Я хотела — и радовалась. Несмотря на тошноту и прочие прелести начала беременности. Нику по-прежнему ничего не говорила.
Не по телефону. Когда наконец окажемся вдвоем. Как в тот день, когда он принимал решение об операции. Глаза в глаза. Я по-прежнему немного боялась, что новость его не обрадует, но с каждым днем этот страх таял.
Даже если не будет в бешеном восторге, вряд ли это покажет. А потом привыкнет.
Но почему-то все больше казалось, что обрадуется.
Ну как иначе-то?
— Мать, ты какая-то странная, — сказала Алена, заехав навестить.
— Это отходняк, — блаженно улыбнулась я. — Все еще не могу поверить, что обошлось.

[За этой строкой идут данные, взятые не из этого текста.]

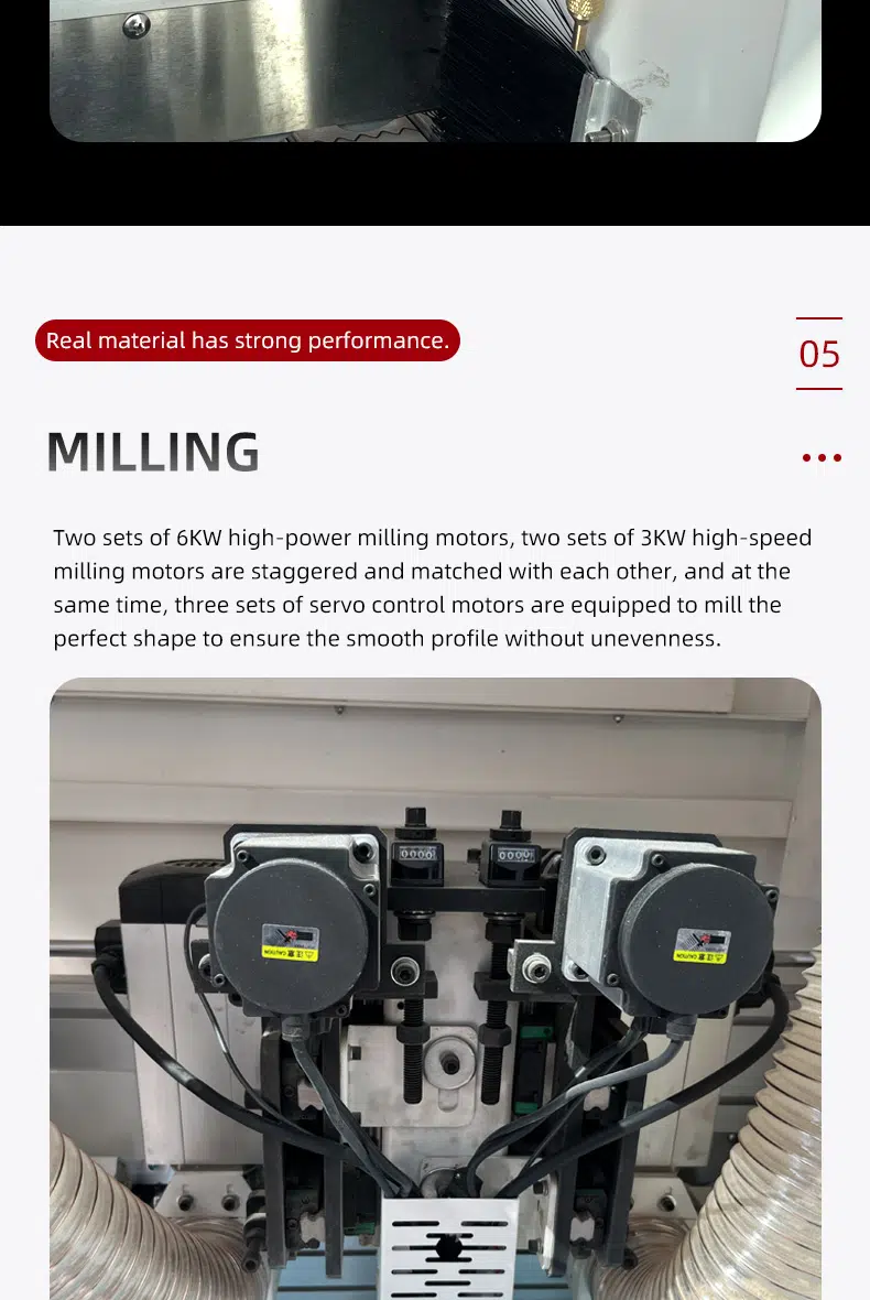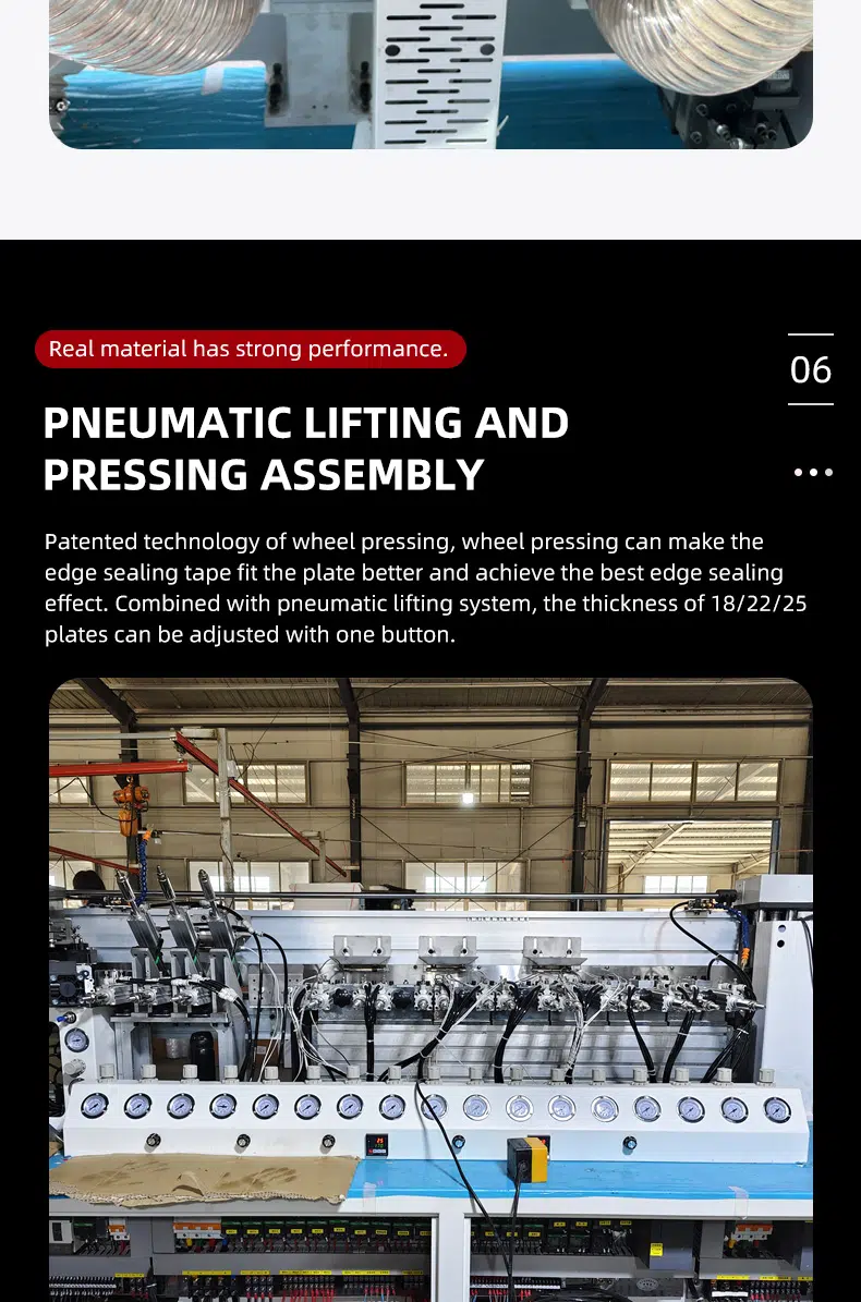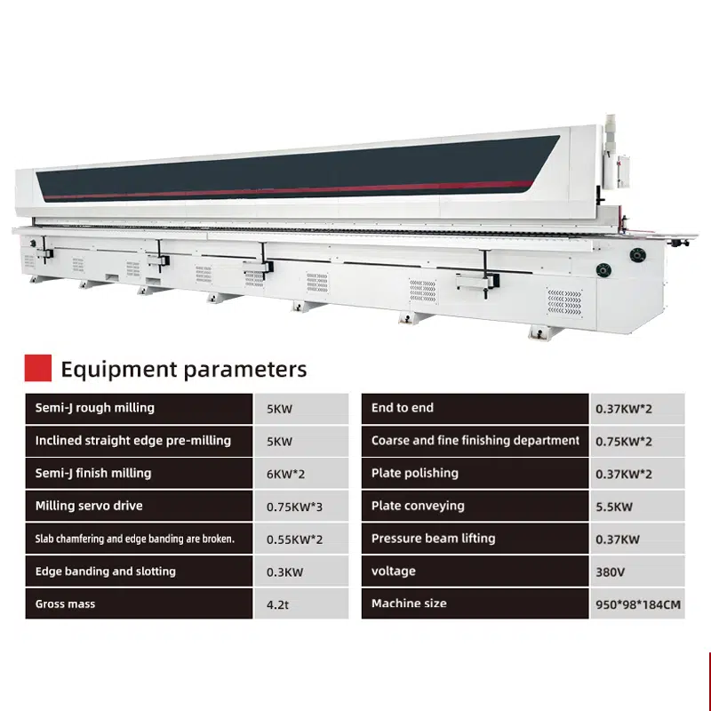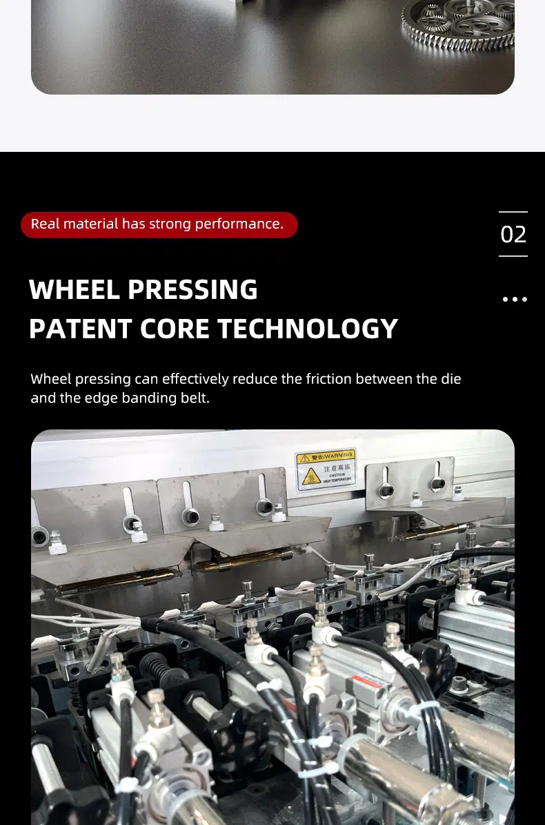 DW985 Soft forming edge banding machine is a fully automaticsemi-automatic edge banding machine without handle.the wheeled profiling design system supports remote upgrading of more shapesand the touch screen operation key switches different shapes, and the maximumprocessing speed can reach 8-12m/min.all parts are made of high-end brands and well assembled. ensure that theequipment runs stably and can adapt to different high and low temperatureenvironments. the equipment has the characteristics of high stability, accurateprocessing, high efficiency and simple operation.
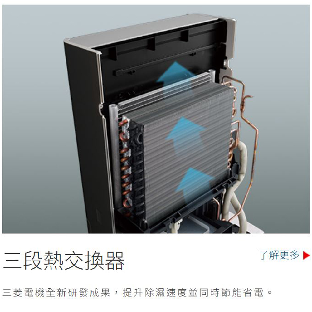 - 三段熱交換器、兼具除濕力及省電力
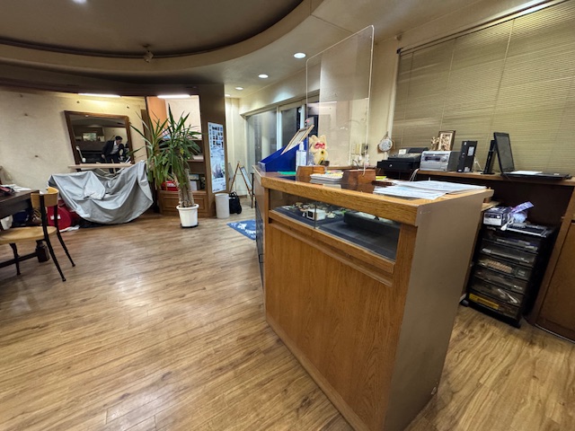 現況はセット4面、シャンプー2台のレイアウトですが、広いウエイティングスペースをはじめ、セット面も控室もゆとりあり。 ...続く

Мне не хотелось делить это состояние ни с кем. Ник должен был узнать первым, а пока я наслаждалась, купаясь в радости, ныряя с головой и паря в ней, как огромная манта с плавниками, похожими на подол шелковой юбки. Теперь было трудно поверить, что совсем недавно смотрела на тест с двумя полосками и утопала в слезах. Хотя если бы мне сказали, что какая-то баба в такой ситуации обрадовалась, я бы не поверила. Это точно была бы какая-то чокнутая баба.
Сразу после операции пришлось поволноваться: к вечеру у Ника подскочила температура. Я сходила с ума, изводила звонками справочное и Волошина, пока на третий день он не рявкнул в трубку:
— Евгения, отстань уже от меня, все в порядке, перевели твоего летуна в палату.

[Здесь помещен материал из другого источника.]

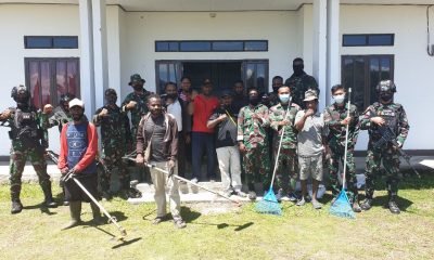 Prajurit TNI Bersama Masyarakat Melaksanakan Pembersihan Kantor Pemerintahan Distrik Walesi
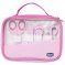 Kit manucure roseLe kit de manucure pour bébé comprend une paire de ciseaux à bouts ronds avec capuchon protecteur,6 limes à ongles en carton émerisé convenant aux nouveau-nés, un coupe-ongles pour bébé et une brosse à ongles, le tout rangé dans une petite pochette de voyage avec poignée.
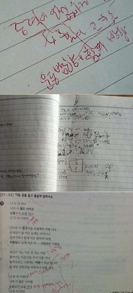 사진 속에는 글쓴이도 알아보지 못할 정도로 엉망인 글씨들이 담겨 있다. 수업 중에 졸면서 쓴 것이다. 손에 힘이 풀리면서도 끝까지 필기를 이어가겠다는 의지가 엿보인다.
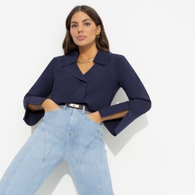 Баланс в жизни выглядит буквально как элегантная блуза глубокого черничного цвета и несколько отвязанных шуток для коллег. За такую редкую гармоничную контрастность тебя любят и ценят. Блуза классического кроя с лацканами. Расклешенный рукав с разрезами. Имитация линии пуговиц. Изделие отлично смотрится в заправленном виде и навыпуск.
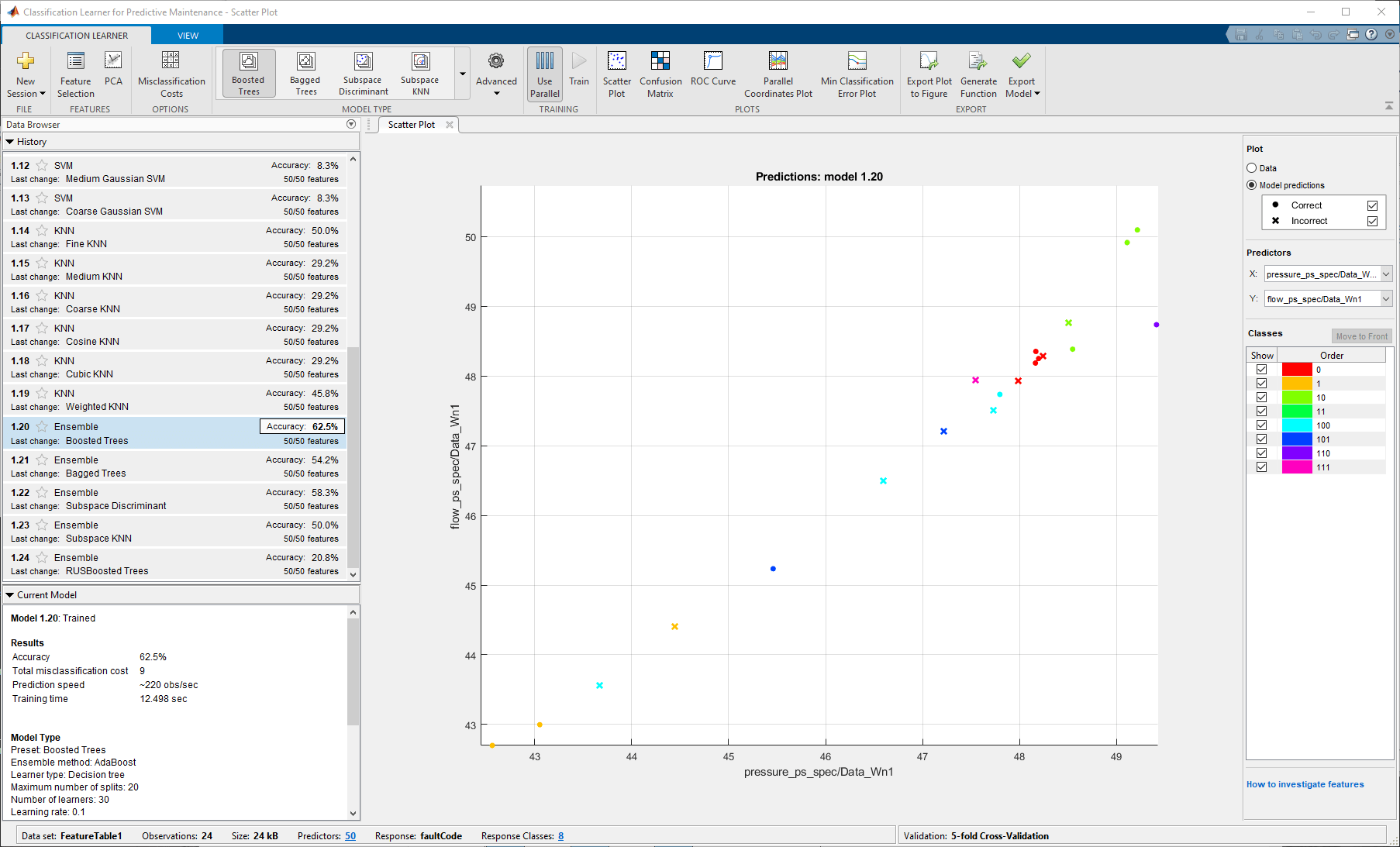 Для этого сеанса самая высокая точность модели, достигнутая обоими Bagged Trees и RUSBoosted Trees, составляет около 80%. Снова, ваши результаты могут варьироваться, но они все еще должны отражать увеличение лучшей точности.
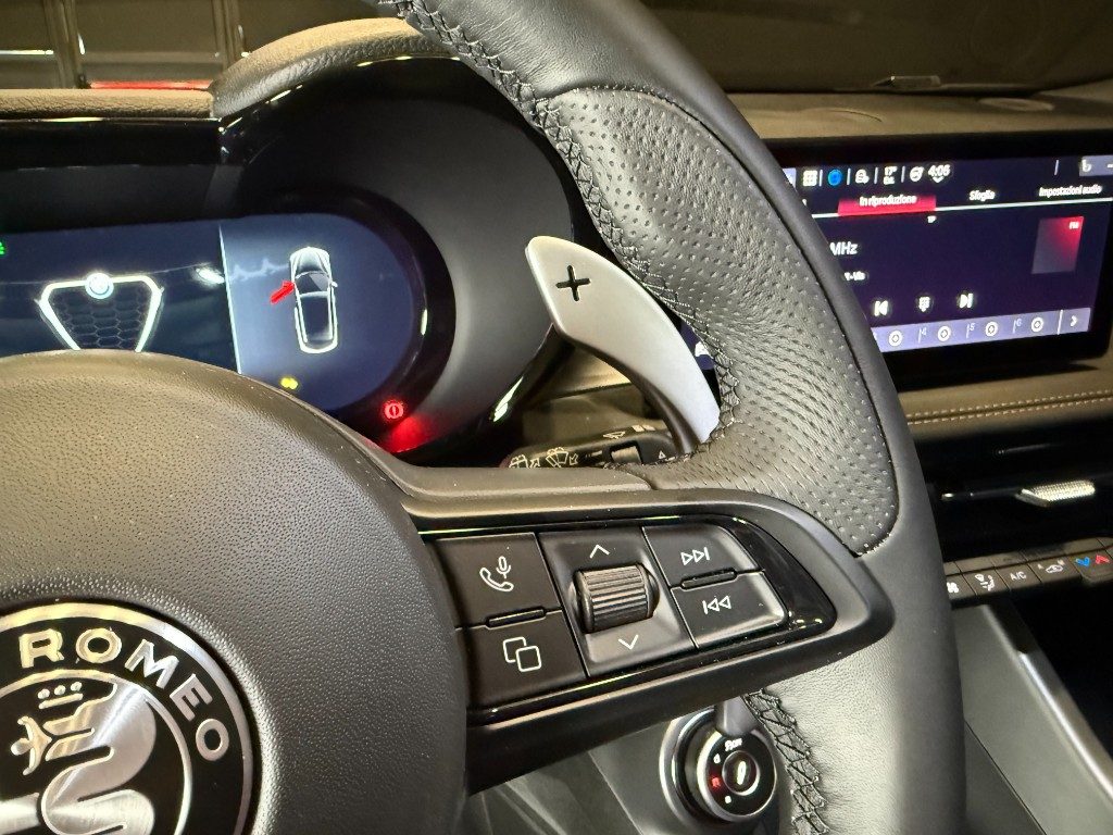 Marchi Auto propone Alfa Romeo Tonale 1.5 160 CV MHEV TCT7 Veloce Km 0, auto dotata di motore 1469cc 6T ad alimentazione ibrida, funzionante ad energia elettrica e benzina. cambio sequenziale a 7 marce, 16 cavalli fiscali / 118 kwatt. Carrozzeria di colore grigio scuro metallizzato, auto omologata per 5 persone. Gli interni di questa ALFA ROMEO Tonale sono in pelle/tessuto colore nero. Optionals inclusi nel prezzo: ABS, Adaptive Cruise Control, Airbag, Airbag laterali, Airbag Passeggero, Airbag testa, Alzacristalli elettrici, Android Auto, Apple CarPlay, Autoradio, Autoradio digitale, Bluetooth, Bracciolo, Cerchi in lega, Chiusura centralizzata, Climatizzatore, Controllo elettronico della corsia, Controllo trazione, Controllo vocale, Cruise Control, ESP, Fari LED, Frenata d'emergenza assistita, Immobilizzatore elettronico, Luci diurne LED, MP3, Regolazione elettrica sedili, Retrocamera, Riconoscimento dei segnali stradali, Sensore di luce, Sensori di parcheggio posteriori, Servosterzo, Sistema di navigazione, Sospensioni pneumatiche, Sound system, Specchietti laterali elettrici, Telecamera per parcheggio assistito, Touch screen, USB, Vivavoce, Volante multifunzione. MARCHIAUTO

Тут же позвонил сам Ник, и мы долго разговаривали — в общем-то, ни о чем, потому что главным было только одно: все хорошо. И будет хорошо.

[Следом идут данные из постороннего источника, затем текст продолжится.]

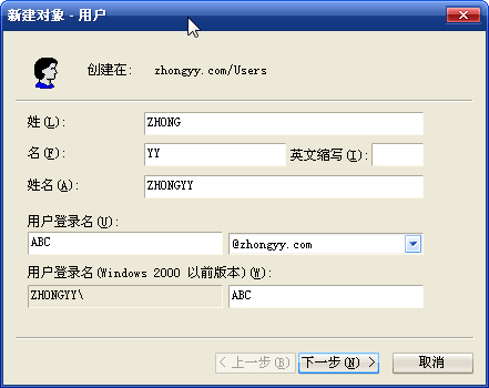 ⒀展開“zhongyy.com ”節(jié)點,右鍵單擊“Users ”容器,在彈出的快捷菜單中選擇“新建” →“用戶”,打開新建用戶窗口,填入用戶登陸名“ABC ”, 姓“ZHONG ”, 名“YY ”,如圖1-10所示

Я хоть и перечитала кучу всего в интернете, и с Волошиным разговаривала не раз, все равно почему-то думала, что Ник пробудет в больнице долго и вообще лечиться придется хорошо если год. Но ему уже через несколько дней разрешили вставать и понемногу ходить.
— Это при консервативном лечении долго лежишь пластом, — пояснил Ник. — А тут все быстро. Хотя, конечно, ограничений хватает. Сидеть вот нельзя месяца полтора. Ем лежа. Или стоя, как лошадь. Ну и много чего еще нельзя. Боюсь, на руки мне тебя больше уже не поднять. Три-четыре кило в ближайшей перспективе, не больше.
Слышишь, детеныш? Надо уложиться в четыре кило, чтобы папаша мог тебя в роддоме взять на руки.
Как-то он прислал мне селфи с подписью: «Я похож на старого бомжа».
Видок и правда был стремный. Запавшие глаза и щеки, пегая щетина. У моего отца в этом возрасте были седые волосы и черная борода, а у Ника, похоже, наоборот. Уж лучше пусть бреется. Хотя для меня он все равно был самым красивым.